Fun fact: I can watch all the YouTube I want by connecting to the site over HTTPS. My guess is this works because (a) DNS requests are not filtered and (b) WebSense can't tell the difference between YouTube and Google - maybe they go through the same load balancers or some such.
  
Fun fact: you can do that YouTube thing if Lightspeed systems blocks it. Toadally didn't know about it for school computers......>_>
  
Once upon a time, logging in to my Google account (from any of their services) would subsequently disable WebSense filtering ENTIRELY. It was the weirdest thing. It must have been some specific combination of network configuration choices because where I am now, it doesn't work the way it did when I was at the place I was before.
  
Do any of you guys know the history of the secret service? Well, back during Lincoln's presidency the secret service was actually a government agency to track down counterfeiters. This was super important because when the union got back together, there was a lot of fake money floating around.

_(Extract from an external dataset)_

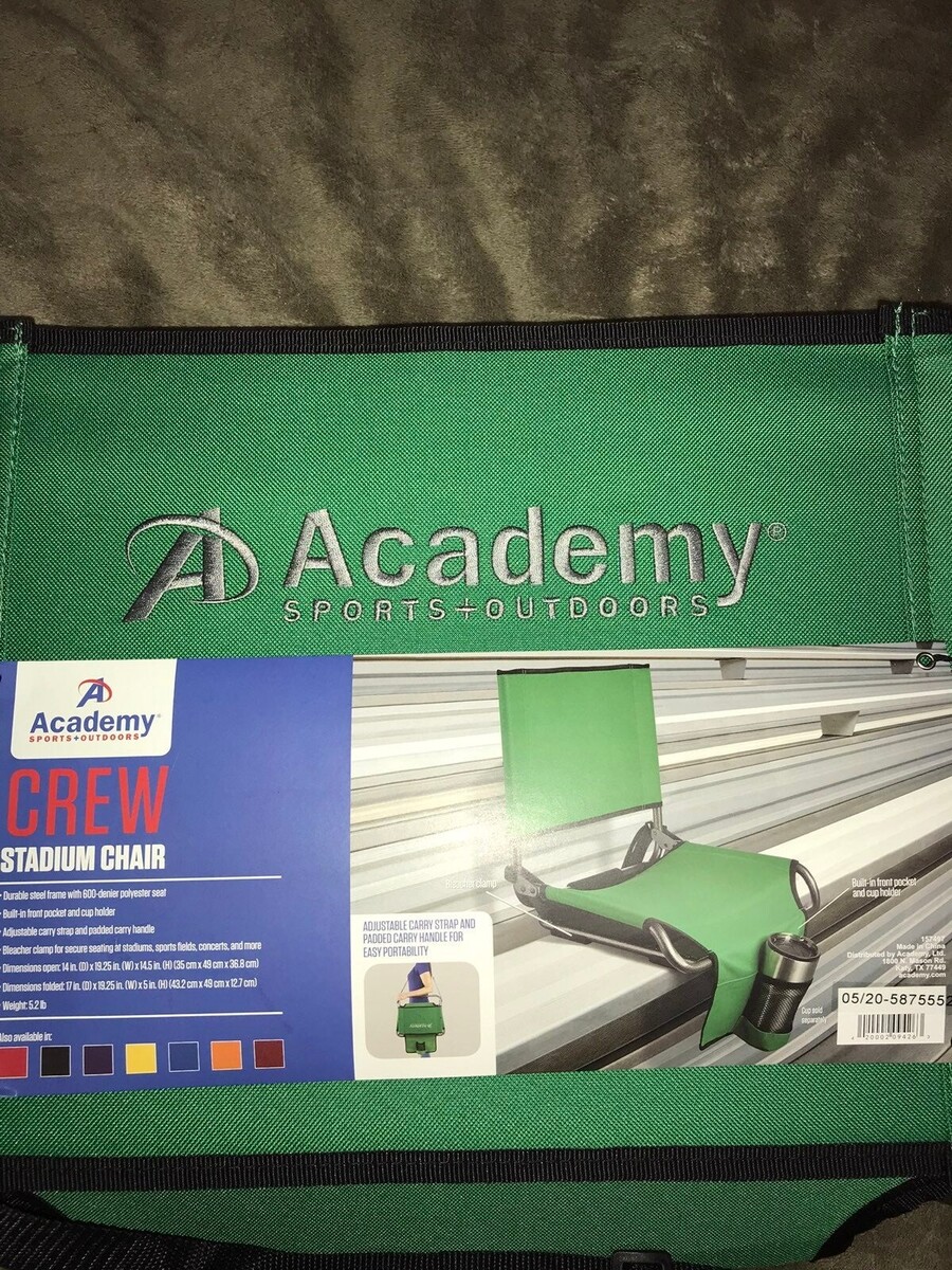 This green crew stadium chair from Academy Sports is the perfect addition to your outdoor sports gear. Its durable design ensures that it can withstand hours of use without breaking down. The chair is made from high-quality materials and features a comfortable seat and backrest.
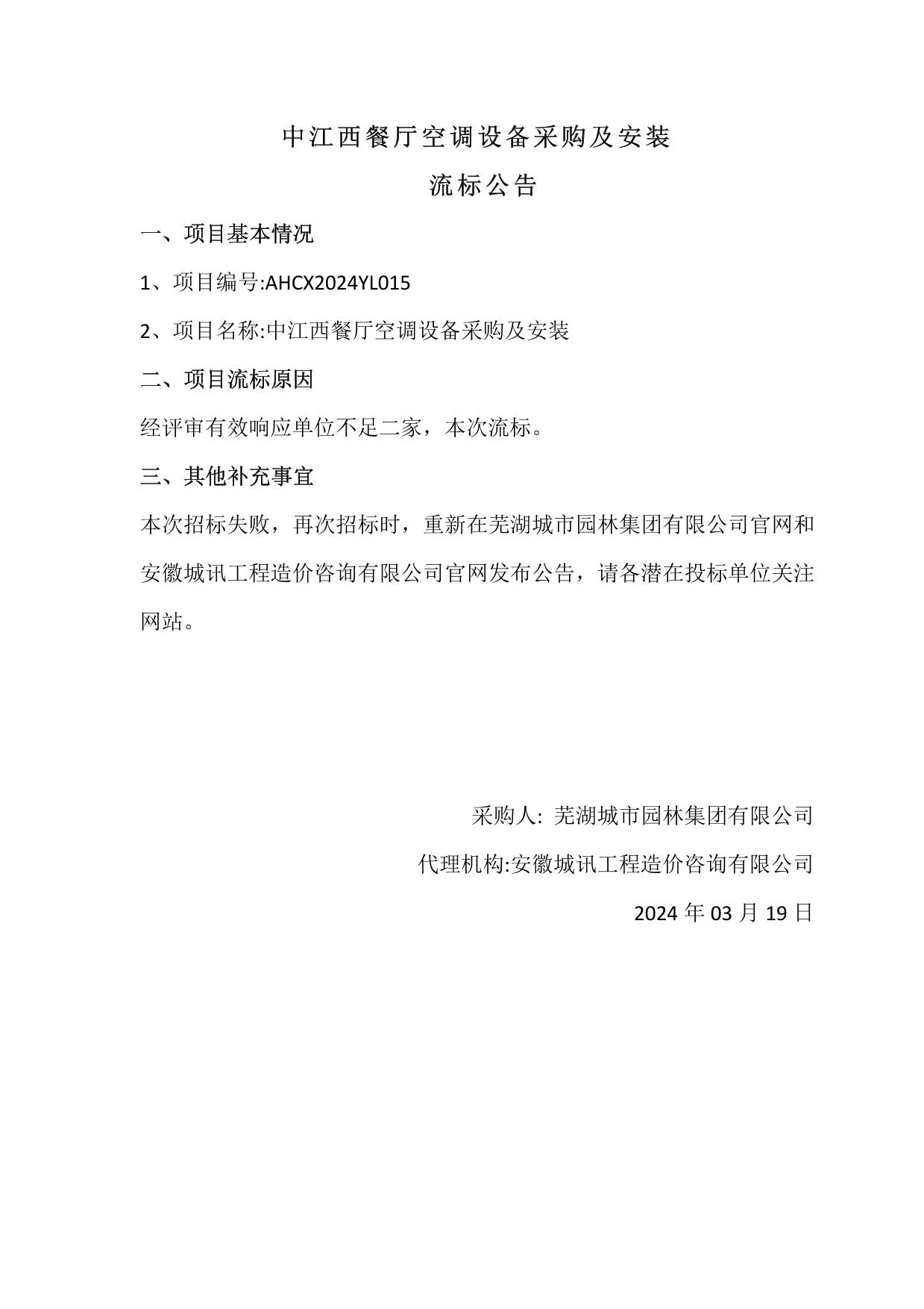 中江西餐廳空調(diào)設(shè)備采購(gòu)及安裝流標(biāo)公告

After Lincoln's assassination, they tracked down this group of Irish counterfeiters and tried to take them to jail. The only got one guy, but he was the guy who made the templates for them and he was really good.

Well, this was a problem for our potato loving thieves. They thought of what they could steal that would make the secret service give up their comrade. So one day they visited a graveyard, specifically the one where Lincoln was buried. The grave-watch (or whatever they are called) gave them a tour and showed them Lincoln's tomb and what not. A few nights later, they went to get their catch. However, someone tipped off the secret service and they were waiting. They waited until they got inside Lincoln's crypt before they converged on them. They wanted to make sure they couldn't get away. Well, one of the service men accidentally fired a shot and everyone was tipped off. After the gun smoke cleared, the Irishmen were gone, and so was Lincoln's body.

After a while, the secret service finally tracked them down and captured them all. When they asked about Lincoln's body, they said, "We thought you nabbed it and hid it." This was rather confusing so they went back to the graveyard to see if they could find out where his body went. They ended up questioning the grave watch and he said, "Oh yeah! I thought someone was going to steal his body, so I stored him in my back room."

True story.
  
Hence why they were a part of the Department of the Treasury until Monsieur Bush created the DHS.
  
My brother wrote it into a movie script because he does that.